* _What to produce_: I'd like the entries reproduced exactly, with the images omitted.

* _Given records_:
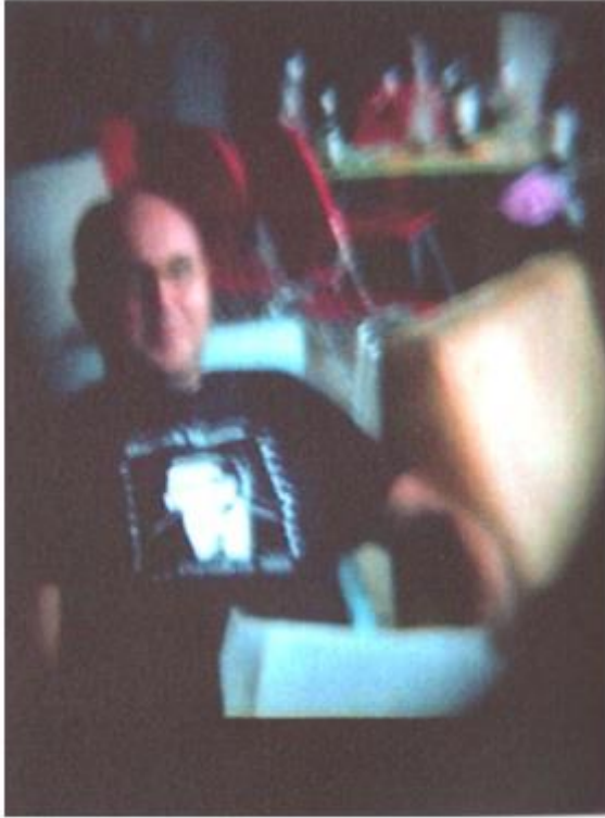
Cantante Waldick Soriano

Las notas explicativas que acompañan la imagen nos permiten develar una analogía entre relato y fotografía. Sin embargo, esta relación es muchas veces irrisoria, ya que no sabemos si las fotografías juegan un papel de verosimilitud documental o más bien son una nueva forma de leer el relato. Este juego de extrañeza se comprueba con el ejemplo anteriormente mencionado. El cantante popular brasileño es fundamental en la novela, ya que es uno de los favoritos de la declamadora de canciones, madre del protagonista. Y su foto aparece con el referente de las notas explicativas. Por supuesto que el cantante existe, sin embargo, no es el mismo al que se menciona en la novela. Por lo tanto, dicha imagen nos devela que las fotografías en la obra de Bellatín Los fantasmas del masajista no cumplen una función de verosimilitud documental, sino más bien constituyen una nueva forma de leer la novela, a partir del punctum y los modos de ver, tanto del lector como del autor.
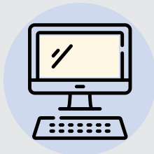
MÁY TÍNH CÓ CAMERA
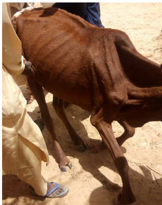
Le bétail au moment de la période de soudure
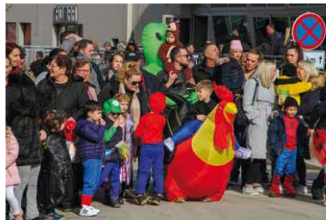
Veselje velikih i malih
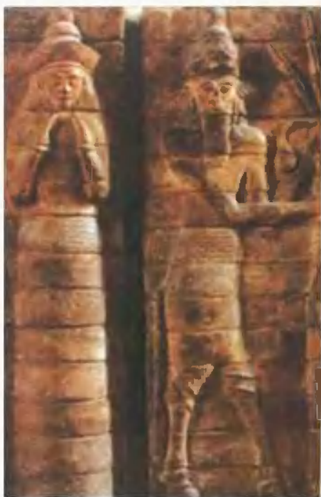
中埃兰苏萨城 邦的保护神印舒希 纳克
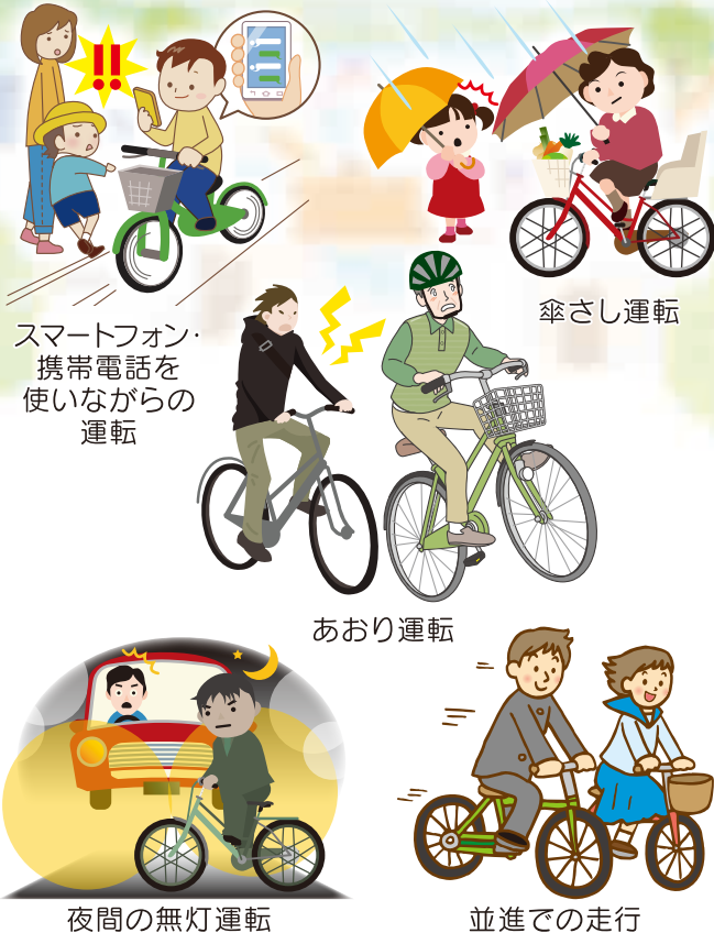
スマートフォン・ 携帯電話を 使いながらの 運転
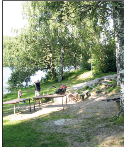
Leiriympäristö antaa mahdollisuuden oman elämän reflektointiin

* _Exercise answer_:
Cantante Waldick Soriano

Las notas explicativas que acompañan la imagen nos permiten develar una analogía entre relato y fotografía. Sin embargo, esta relación es muchas veces irrisoria, ya que no sabemos si las fotografías juegan un papel de verosimilitud documental o más bien son una nueva forma de leer el relato. Este juego de extrañeza se comprueba con el ejemplo anteriormente mencionado. El cantante popular brasileño es fundamental en la novela, ya que es uno de los favoritos de la declamadora de canciones, madre del protagonista. Y su foto aparece con el referente de las notas explicativas. Por supuesto que el cantante existe, sin embargo, no es el mismo al que se menciona en la novela. Por lo tanto, dicha imagen nos devela que las fotografías en la obra de Bellatín Los fantasmas del masajista no cumplen una función de verosimilitud documental, sino más bien constituyen una nueva forma de leer la novela, a partir del punctum y los modos de ver, tanto del lector como del autor.
MÁY TÍNH CÓ CAMERA
Le bétail au moment de la période de soudure
Veselje velikih i malih
中埃兰苏萨城 邦的保护神印舒希 纳克
スマートフォン・ 携帯電話を 使いながらの 運転
Leiriympäristö antaa mahdollisuuden oman elämän reflektointiin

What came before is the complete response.